За спиной у меня раздался деревянный скрип и сдавленное ругательство, и я обернулся в сторону «Canto idilico», лишившегося заросшей вьюнком стены, защищавшей его от непогоды. Красные зонтики на тонких стеблях раскачивались на ветру, хозяин принялся закрывать их один за другим, и ему, наверное, прищемило пальцы.
— Faz frio, — сказал парень, заметив мой взгляд. — За стеной твоего дома нам жилось гораздо лучше.
— И не говори, — ответил я со своего пожарища. Потом я встал, отряхнул джинсы, обмотал колокольчики вокруг запястья и пошел оттуда прочь.
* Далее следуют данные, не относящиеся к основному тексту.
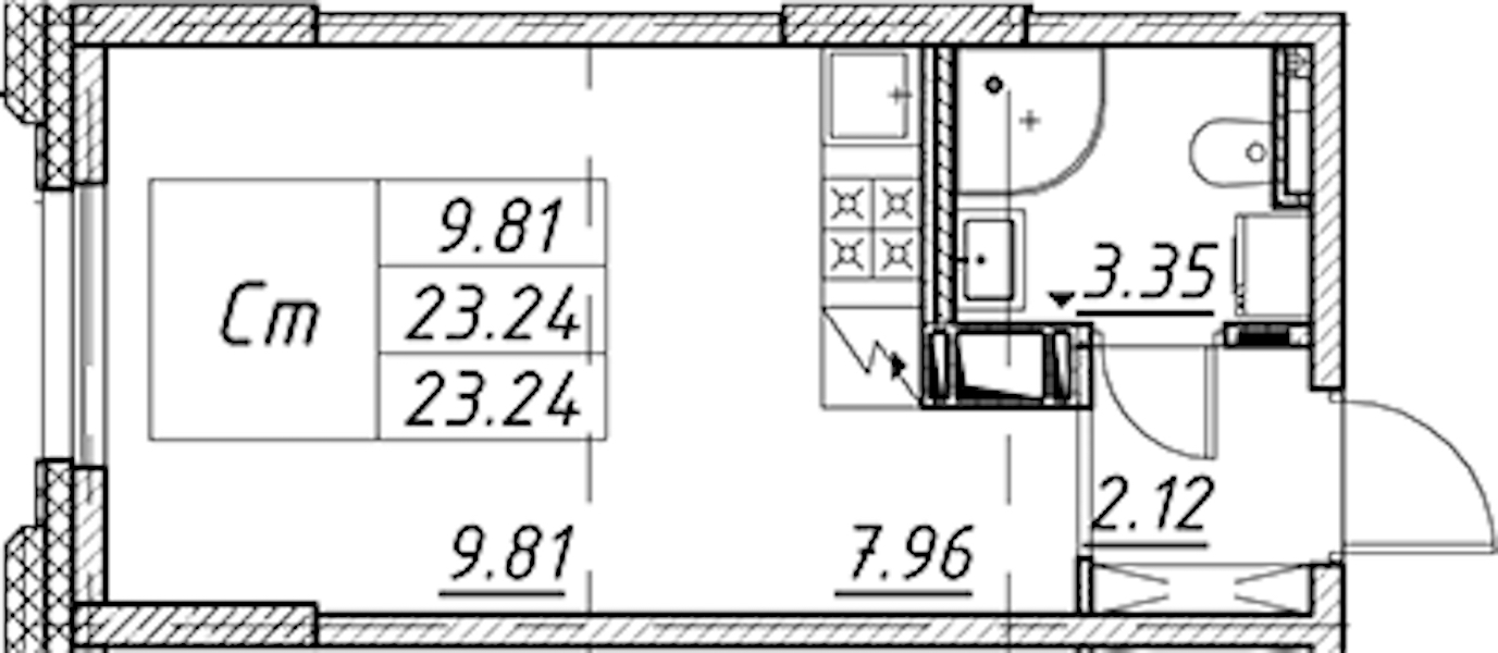 Квартира-студия на 4-ом этаже 23,24 кв.м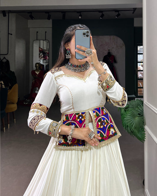 White Color Rayon Full Flair Navratri Lehenga Choli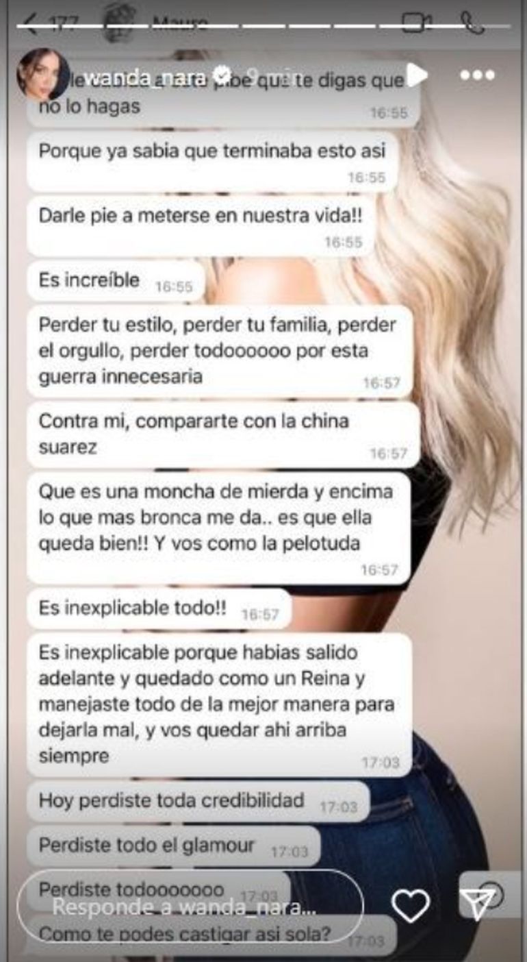 Es que en sus súplicas por intentar arreglar las cosas, Mauro Icardi le envió mensaje a Wanda Nara en los que describe de forma cruel a la China Suárez. Lejos de generar empatía, provocó que la conductora expusiera todo en sus redes sociales y así volvió a dejar mal parado a su ex pareja.

Я прошел двор, потерявший право называться колодцем, миновал окно ресторана, за которым болталось выцветшее одеяние певицы фадо, свернул в переулок, подошел к стене винной лавки с зарешеченной нишей, наклонился и просунул руку под жестяной поддон. Пакет лежал на месте.
Я сел на крыльцо магазина, оторвал край ленты, развернул старый свитер и вынул компьютер. Батарея была заряжена до отказа, единственное, что я успел сделать в тот день, когда вернулся из первой тюрьмы, так это подключить голодного к розетке. Я даже почту не успел проверить, не говоря уже о том, чтобы отправить тебе письмо, как обещал.
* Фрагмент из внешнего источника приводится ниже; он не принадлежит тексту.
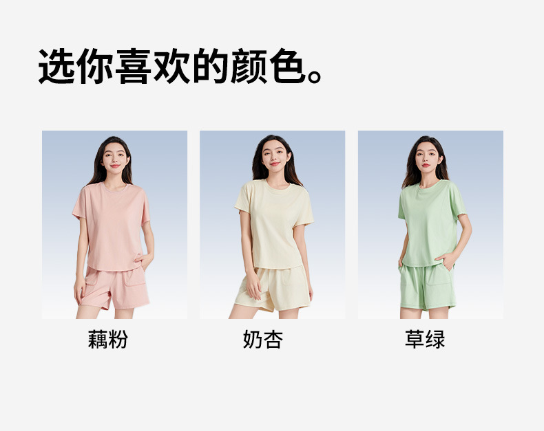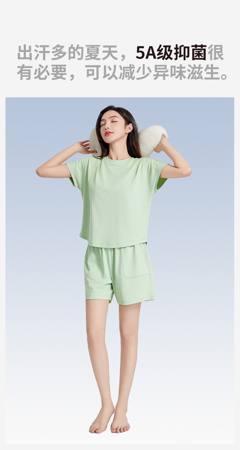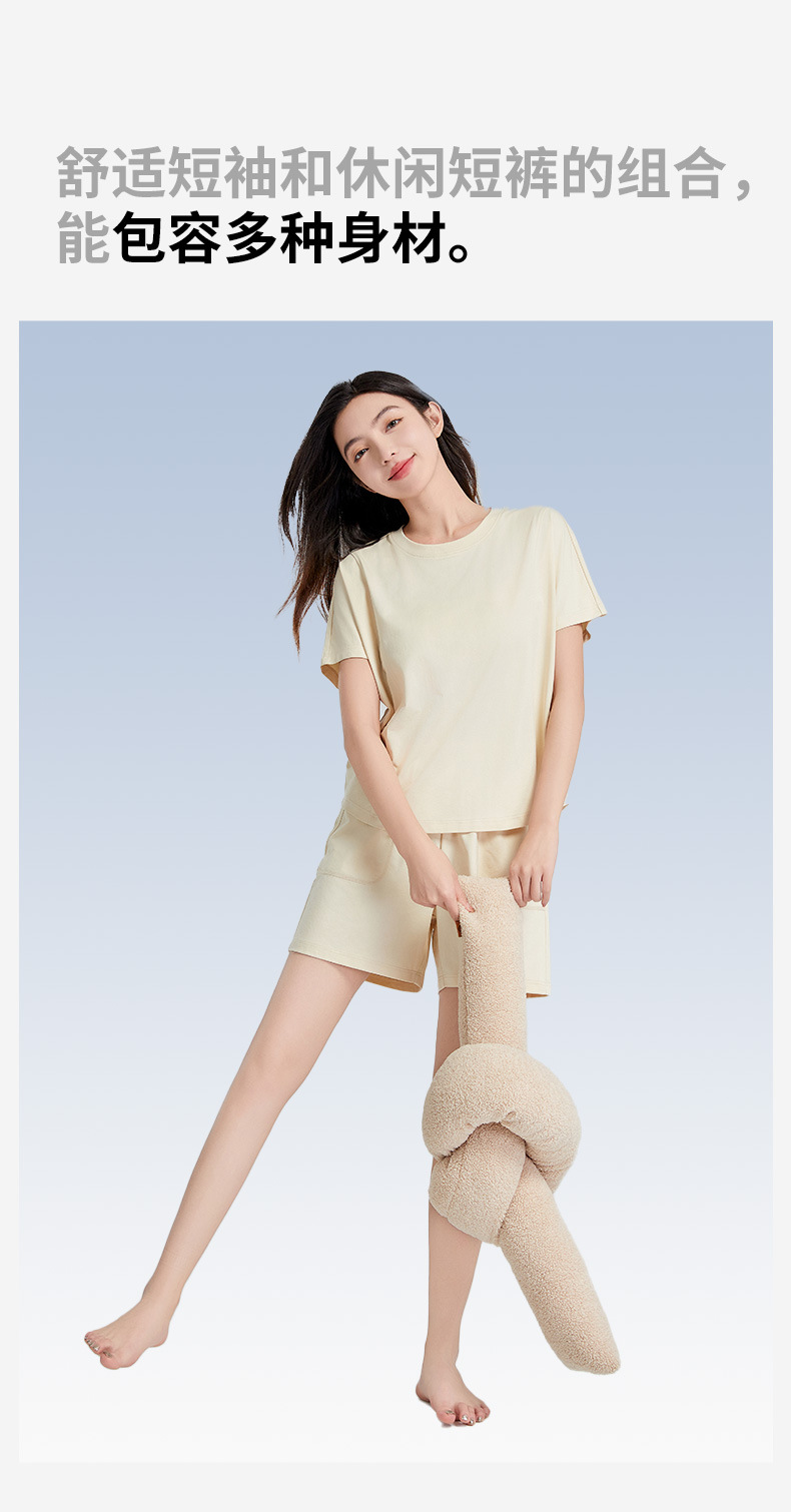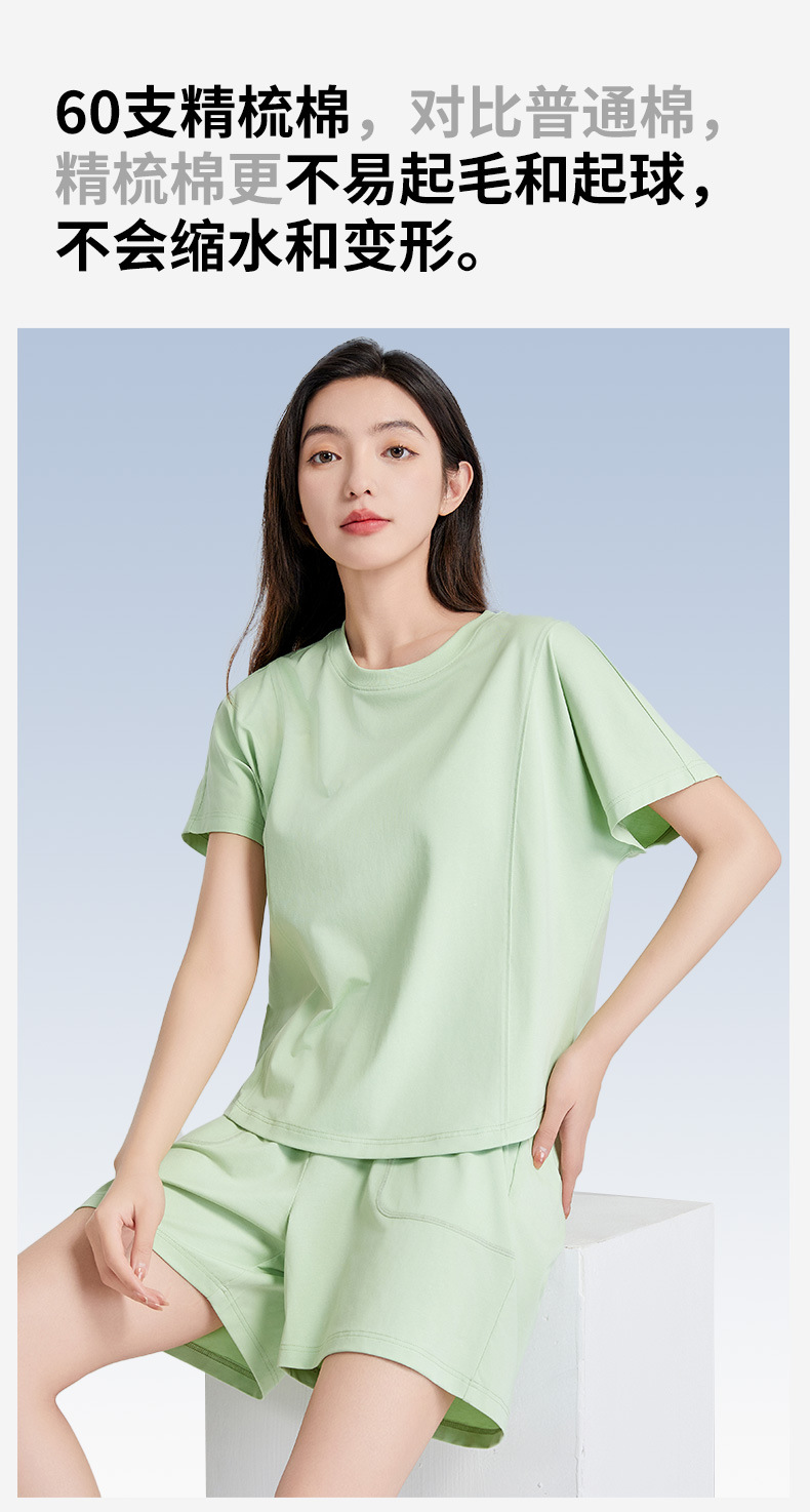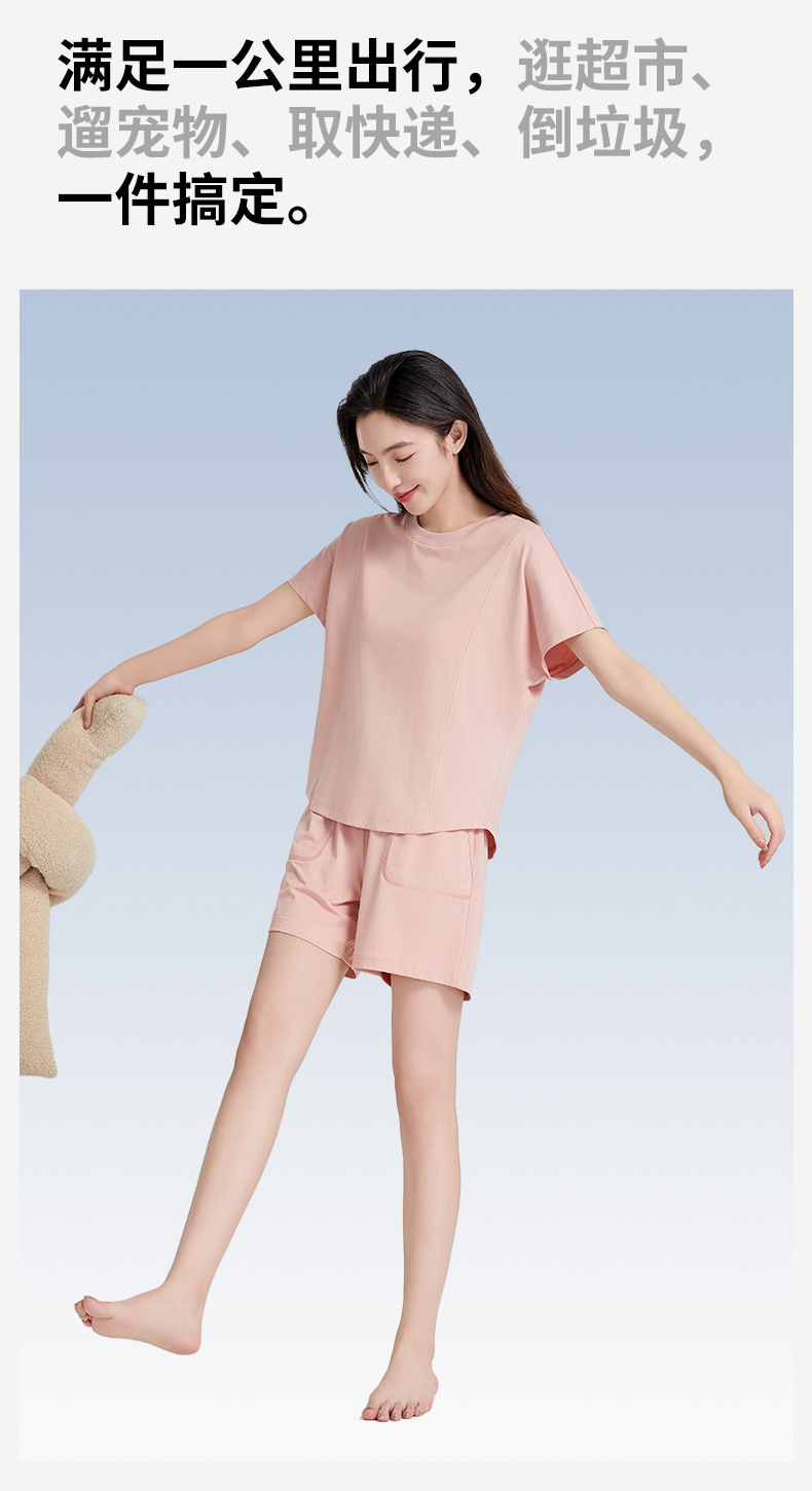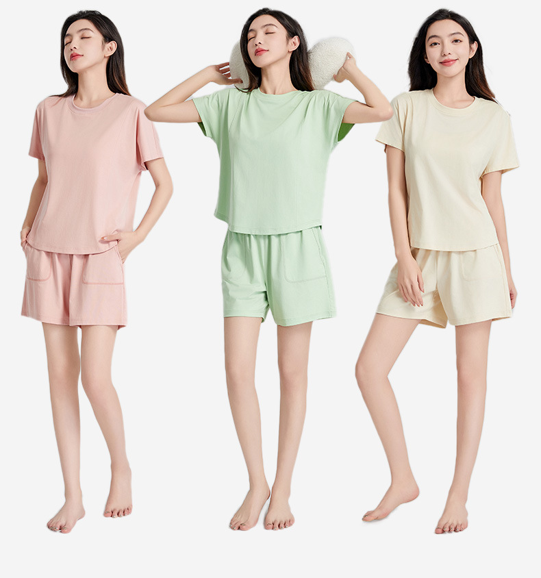 [피부친화면] 여자 홈옷 여름 반팔 반바지 세트 하이 엔드 아웃웨어 라운드 넥 파자마스토어 가기

Что мне было нужно теперь, так это хороший, добротный вай-фай, но идти в кафе и смотреть на людей, сидящих там с пивом напротив разоренного гнезда, двухсотлетнего ninho, я был не в состоянии. Видеть этот дом в руинах так же странно, как видеть аварийную машину-эвакуатор беспомощно лежащей в канаве, или лодку спасателей, разбившуюся о прибрежные скалы.
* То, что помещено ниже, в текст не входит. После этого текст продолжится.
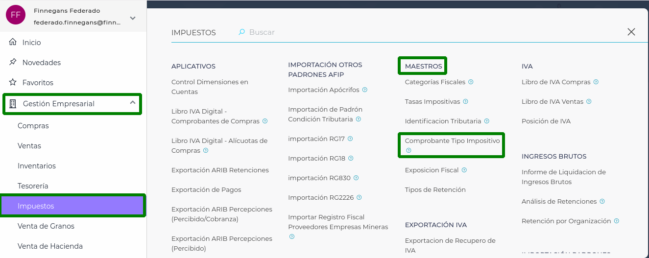 1) Ingresar al menú de gestión empresarial > impuestos > comprobante tipo impositivo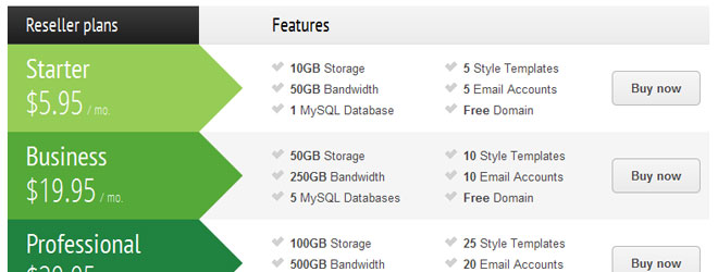 CSS3 Vertical Web Pricing Tables WordPress Plugin – $13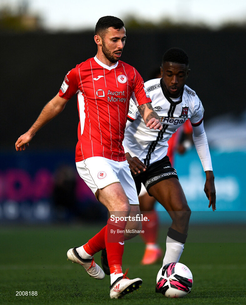 7 May 2021; Robbie McCourt of Sligo Rovers and Junior Ogedi-Uzokwe of Dundalk during the SSE Airtricity League Premier Division match between Dundalk and Sligo Rovers at Oriel Park in Dundalk, Louth. Photo by Ben McShane/Sportsfile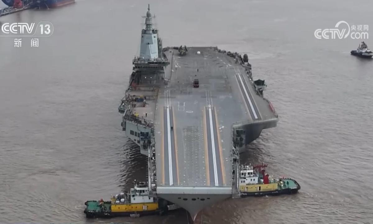 Une courte vidéo diffusée lors du reportage de CCTV a montré le transporteur en train d’être remorqué non loin du quai, marquant sa sortie de l'endroit où il était amarré depuis son lancement.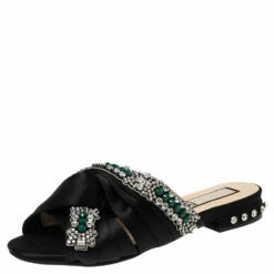 Characterized by exaggerated knots, the Nº21 flats are a statement pair and can take your look to a whole new level. They are skillfully crafted from satin in a black shade and feature open-toes and crystal embellishments on the uppers and counters. These slides are equipped with comfortable insoles that offer maximum comfort while walking.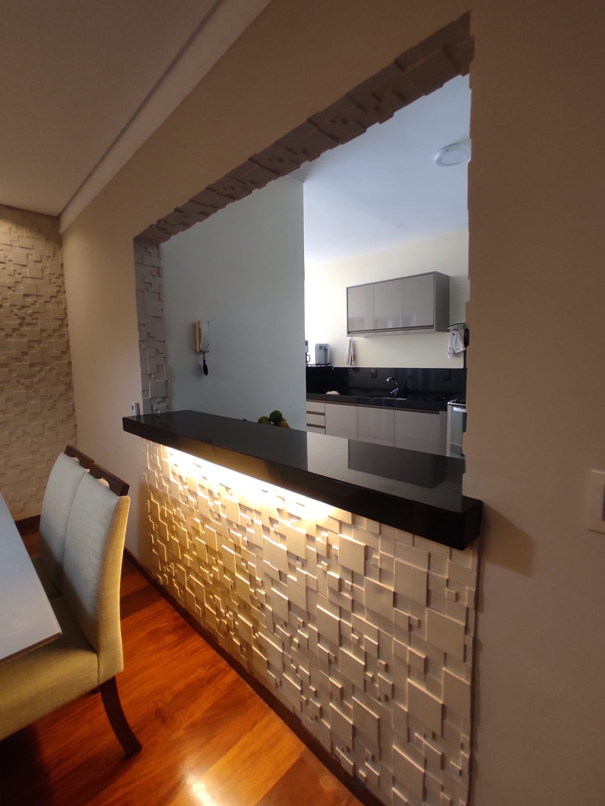 -3 Quartos-1 Suíte, painel modelo ripado acrílico.Banheiro com BOX blindex, espelho, Armários planejados.-1 Banheiro no quarto com pia em pedra importada com torneira 'Agua Quente e Fria'-1 Quarto com armário planejado ( Closet)-1 Quarto Workplace ( escritorio )também com armários embutidos.-1 Corredor para as áreas de acesso aos quartos e sala, com armários, de apoio e maleiros.-1 Banheiro social, também com BOX Blindex , espelho , armários planejados, Pia de pedra importada com torneira 'Água quente e fria'-Sala de TV Ampla e rotativa, sistema de iluminação Luminotech.-Ar Condicionado-Sala de Jantar Ampla-Integração Cozinha Ampla e Americana, com sala de jantar e cozinha, também com torneira 'Água Quente e Fria'-Balcão de apoio.-Área de Despensa (Guardar Mantimentos, produtos de limpeza e utensílios de cozinha e casa geral)-Área de Lavanderia.-2 Andar -01 Vaga de Garagem Coberta + 01 vaga de apoio Geral do Prédio.-Reformado e Remodelado em sistema High Tech!-Fica de Frente o Hotel Confort, Supermecados, Center Shopping, Açougues, Farmácia e etc.-Lugar estratégico de deslocamento para qualquer lugar de Uberlândia.-Ciclovia e pista de atividade na porta do prédio.-TORRE ÚNICA de 3 Andares.-12 Apartamentos.- NÃO POSSUI ELEVADOR-1 vaga na garagem coberta-1 vaga de apoio de uso geral-R$ 395 MIL - SEM Mobília-R$ 435 MIL - COM Mobília

Пришлось вернуться в свои владения, сесть на железную балку с подветренной стороны цоколя, поднять воротник и включить поиск доступной сети. Бубенцы мешали мне стучать по клавишам, так что я размотал их и положил рядом с собой. Спасибо тетушке за двухэтажный особняк в стиле без двух минут мануэлино , но все, что от него осталось, это орудие против демонов, да и то не поймешь каких — индуистских или зороастрийских.
Стоит ли бояться демонов тому, кто не увернулся от коварного бога дружбы с тысячью ушей?
И как это вышло, черт возьми, что некому ходить за мной по свежей золе, хлопая в ладоши, звеня железом и отгоняя рассерженных духов? У человека должна быть хотя бы пара-тройка друзей. Они не оставили бы его ночевать под куском рваной жести. Дали бы ему фляжку, свернули бы ему самокрутку. О que é este catso? Иными словами, что за херня?
Ладно, даже у такого, как я, найдется убежище, например, в тюрьме. Не в новой, конечно, туда так просто не залезешь, а в той, туфтовой, липовой, фанерной, где я помню все коридоры, и, вполне вероятно, обнаружу свой матрас и одеяло с чернильным штампом.
В любом случае, в парке ночевать холоднее, подумал я, поглядев вокруг: тополя в конце переулка гнулись под ветром и серебрились изнанкой листьев, редкие капли стучали по жести над моей головой, за статуей Христа в Касильяше копились угольные и сизые тучи. Потом я подумал, что кто-то (смотритель храма? самоубийца?), стоящий сейчас на смотровой площадке, видит мое пожарище как антрацитовое пятно с неровными краями, кротовую шкурку, кариесную дыру в ряду тесных желтоватых домов на набережной.
Что там сказал португальский прораб: работы навалом, месяца на два, не меньше? Хорошо бы успеть пробраться туда до конца рабочей смены, черт знает этих маляров, может, они там запирают все замки, чтобы никто не унес скипидара и вонючих кистей. Высплюсь в своей прежней камере с бананом, а утром пойду на набережную, выпью кофе в яхтенном клубе и подумаю обо всем. Куда идти, подумаю, и где окно.